Re: [RFC] Hierarchical QoS Hardware Offload (HTB) - Toke Høiland-Jørgensen

From: "Toke Høiland-Jørgensen" <toke@redhat.com>
To: Yossi Kuperman <yossiku@mellanox.com>,
	"netdev\@vger.kernel.org" <netdev@vger.kernel.org>
Cc: Jamal Hadi Salim <jhs@mojatatu.com>,
	Jiri Pirko <jiri@mellanox.com>, Rony Efraim <ronye@mellanox.com>,
	Maxim Mikityanskiy <maximmi@mellanox.com>,
	John Fastabend <john.fastabend@gmail.com>,
	Eran Ben Elisha <eranbe@mellanox.com>,
	Eric Dumazet <eric.dumazet@gmail.com>,
	Stanislav Fomichev <sdf@fomichev.me>,
	Willem de Bruijn <willemdebruijn.kernel@gmail.com>
Subject: Re: [RFC] Hierarchical QoS Hardware Offload (HTB)
Date: Fri, 14 Feb 2020 12:14:42 +0100	[thread overview]
Message-ID: <877e0pe7z1.fsf@toke.dk> (raw)
In-Reply-To: <bbafbd41-2a3b-3abd-e57c-18175a7c9e3f@mellanox.com>

Yossi Kuperman <yossiku@mellanox.com> writes:

> On 01/02/2020 18:48, Toke Høiland-Jørgensen wrote:
>> Yossi Kuperman <yossiku@mellanox.com> writes:
>>
>>> Following is an outline briefly describing our plans towards offloading HTB functionality.
>>>
>>> HTB qdisc allows you to use one physical link to simulate several
>>> slower links.
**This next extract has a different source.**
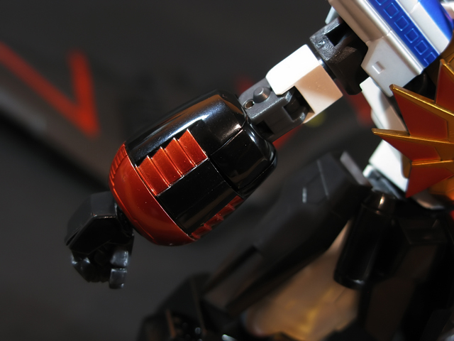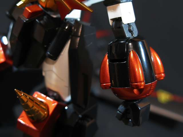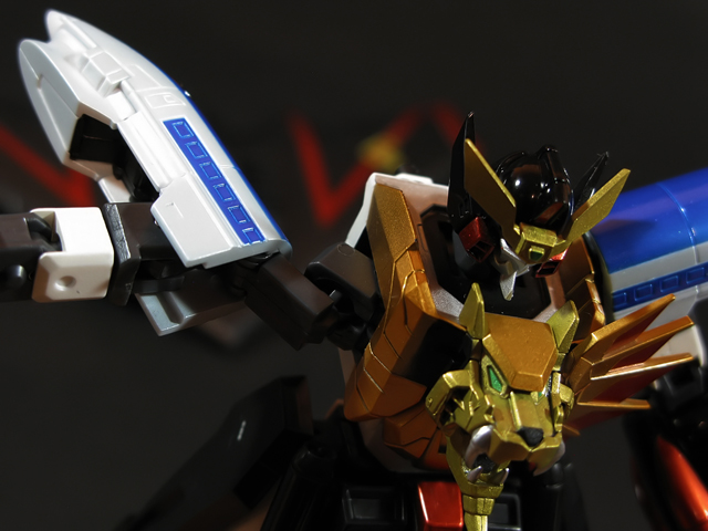 Verniciatura buona e ben stesa su tutto il modello e sugli accessori, nella mia copia non ho riscontrato sbavature o difetti di nessun genere, molto bello il logo GGG sulle ali proprio come nell'anime.

This is done by configuring a hierarchical QoS tree;
>>> each tree node corresponds to a class. Filters are used to classify
>>> flows to different classes. HTB is quite flexible and versatile, but
>>> it comes with a cost. HTB does not scale and consumes considerable CPU
>>> and memory. Our aim is to offload HTB functionality to hardware and
>>> provide the user with the flexibility and the conventional tools
>>> offered by TC subsystem, while scaling to thousands of traffic classes
>>> and maintaining wire-speed performance. 
>>>
>>> Mellanox hardware can support hierarchical rate-limiting;
>>> rate-limiting is done per hardware queue. In our proposed solution,
>>> flow classification takes place in software. By moving the
>>> classification to clsact egress hook, which is thread-safe and does
>>> not require locking, we avoid the contention induced by the single
>>> qdisc lock. Furthermore, clsact filters are perform before the
>>> net-device’s TX queue is selected, allowing the driver a chance to
>>> translate the class to the appropriate hardware queue. Please note
>>> that the user will need to configure the filters slightly different;
>>> apply them to the clsact rather than to the HTB itself, and set the
>>> priority to the desired class-id.
>>>
>>> For example, the following two filters are equivalent:
>>> 	1. tc filter add dev eth0 parent 1:0 protocol ip flower dst_port 80 classid 1:10
>>> 	2. tc filter add dev eth0 egress protocol ip flower dst_port 80 action skbedit priority 1:10
>>>
>>> Note: to support the above filter no code changes to the upstream kernel nor to iproute2 package is required.
>>>
>>> Furthermore, the most concerning aspect of the current HTB
>>> implementation is its lack of support for multi-queue. All
>>> net-device’s TX queues points to the same HTB instance, resulting in
>>> high spin-lock contention. This contention (might) negates the overall
>>> performance gains expected by introducing the offload in the first
>>> place. We should modify HTB to present itself as mq qdisc does. By
>>> default, mq qdisc allocates a simple fifo qdisc per TX queue exposed
>>> by the lower layer device. This is only when hardware offload is
>>> configured, otherwise, HTB behaves as usual. There is no HTB code
>>> along the data-path; the only overhead compared to regular traffic is
>>> the classification taking place at clsact. Please note that this
>>> design induces full offload---no fallback to software; it is not
>>> trivial to partial offload the hierarchical tree considering borrowing
>>> between siblings anyway.
>>>
>>>
>>> To summaries: for each HTB leaf-class the driver will allocate a
>>> special queue and match it with a corresponding net-device TX queue
>>> (increase real_num_tx_queues). A unique fifo qdisc will be attached to
>>> any such TX queue. Classification will still take place in software,
>>> but rather at the clsact egress hook. This way we can scale to
>>> thousands of classes while maintaining wire-speed performance and
>>> reducing CPU overhead.
>>>
>>> Any feedback will be much appreciated.
>> Other than echoing Dave's concern around baking FIFO semantics into
>> hardware, maybe also consider whether implementing the required
>> functionality using EDT-based semantics instead might be better? I.e.,
>> something like this:
>> https://netdevconf.info/0x14/session.html?talk-replacing-HTB-with-EDT-and-BPF
>
> Sorry for the long delay.
>
> The above talk description is quite concise, I can only speculate how
> this EDT+BPF+FQ might work. Anyway, we have a requirement from a
> customer to provide HTB-like semantics including borrowing and
> rate-limiting flow-aggregates. We have a working PoC, which closely
> resembles the aforementioned description, including hardware
> offload.  
>
> Is it possible to construct hierarchical QoS (for borrowing purposes)
> using EDT+BPF+FQ?

I believe so. Haven't worked out the details of how to make it
equivalent, though, but I'm hoping that is what that talk will do.
Adding some of the speakers to Cc, maybe they can comment? :)

> Is it applicable only for TCP?

No, EDT is applicable to all packets.

-Toke